Meanwhile I'm developing an application that stores huge amounts of documents.
Since this time I need the features of a real database, like triggers etc.
I'm using PG now. The amount of data I'm storing now is huge, therefor I
decided to store the files in a directory tree. I'm storing about 40000
documents around 100k each a week, thats about 12GB a month. The file storage
directory is handled by the server side of the application and is invisible
to normal users. The main reasons for using the filesystem instead of the
database were:

1) a lot of documents
2) due to 1) I'm able to spread the documents over several
harddrives/filesystems - so this solves the storage space problem (unless you
want to use LVM or similar)
3) much easier handling on the application side. I can use rsync, ftp, scp or
whatever else to transfer files. Also most programing languages are quite
good at handling normal files.
4) You never run into a file problem regarding file type or size, at least not
up to the limit of the operating system you're on.
5) You can use conventional backup methods without interrupting the database
server. It's also much faster to restore the whole system on a different
machine - dump/restore the database and copy your directory tree.

You have some drawbacks though:
1) your application has to make sure that the referencing records and the file
storage is in sync. If there's a bug in the application you can totally
scramble the storage.
2) If your server has a filesystem problem you could lose files due to fsck,
which again would "unsync" the data from the files.

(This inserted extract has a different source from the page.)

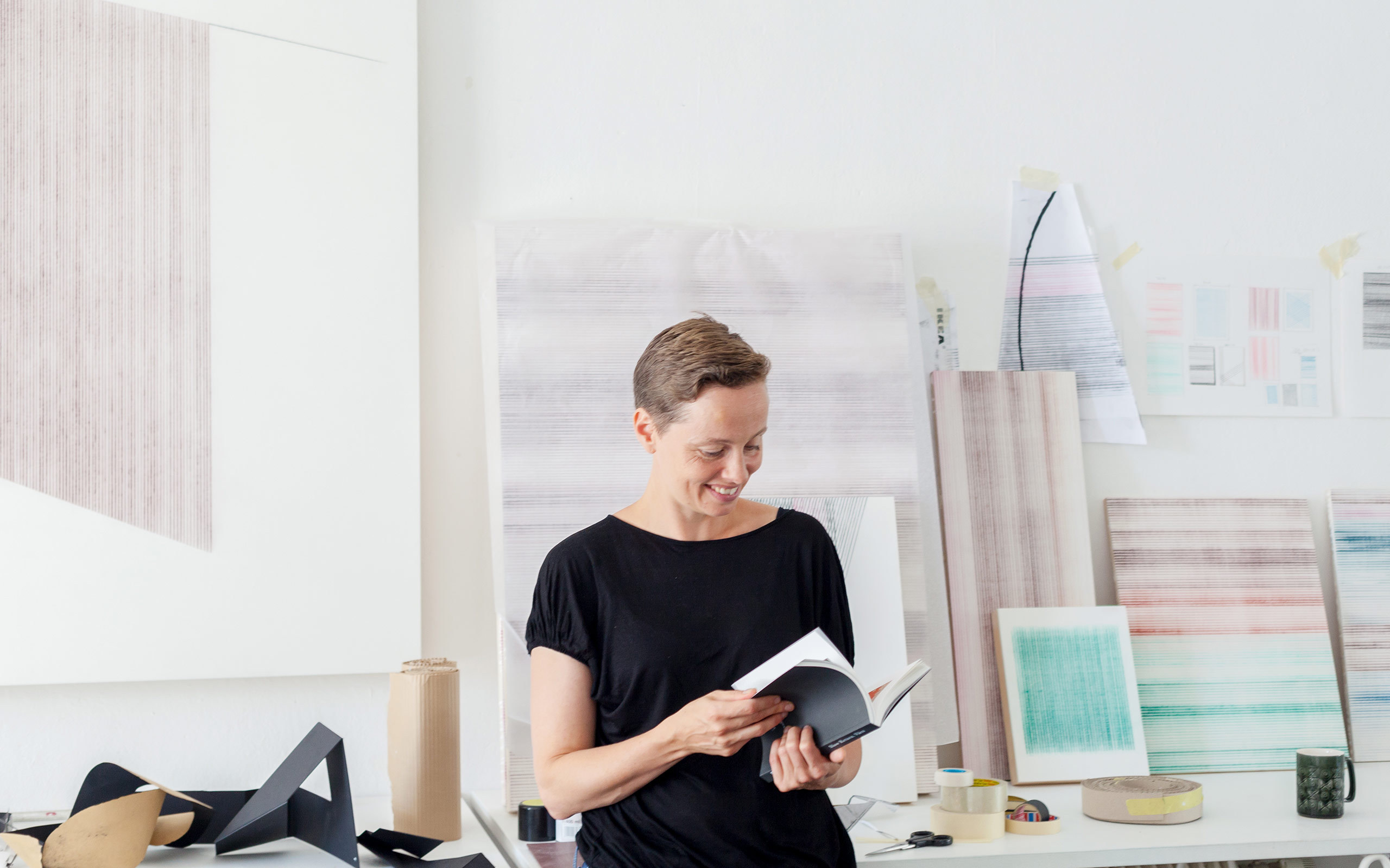 Nein. Eigentlich nicht. Ich habe zwar zu Hause einen Arbeitsplatz, von dem aus ich aber lediglich E-Mails beantworte oder Texte und Bilder bearbeite. Ich arbeite nicht ungern zu Hause, habe das früher auch öfter gemacht. Zur Zeit kommt es aber nur vor, wenn ich sehr konzentriert an einer Sache bleiben muss, so wie jetzt an dem Buchprojekt. Dann werde ich nicht von den anderen laufenden Projekten im Atelier abgelenkt. Hier im Atelier habe ich aber das ganze Lager, das Archiv und alle Unterlagen. Hier kann ich an großen Projekten arbeiten, ohne darauf achten zu müssen, dass ich auch Dreck und Staub produziere. Die Schlagschnur-Bilder, die ich gerade mache, das ginge zu Hause gar nicht, weil sich die losen Pigmente beim Arbeiten überall verteilen. Ich habe hier auch einen kleinen Archiv- und Büroraum, in dem ich am Computer sitze und Zeichnungen im kleineren Maßstab mache. Der flexiblere Raum ist dann der, in dem wir hier sitzen.

Basically it all depends on the structure of your application. If you can
guarantee that only the application has access to the file storage you can
control the synchronization problem. If not I'd probably go the extra mile to
store the stuff as blobs.
There is another option you might want to consider. If you're storing
relatively small files, like the images for a website, you could even go with
a normal "text" field and base64 encode the data before storing (as well as
decoding it after retrieval).

My $0.02

On Saturday 21 February 2004 10:53 am, Holger Marzen wrote:
Hi all,

AFAIK it is possible for columns to be very large, up to about 2 GB. Are
there any hints or experiences about storing binary data (jpg-images,
pdf-documents) in PostgrreSQL with or without the complicated lo-stuff?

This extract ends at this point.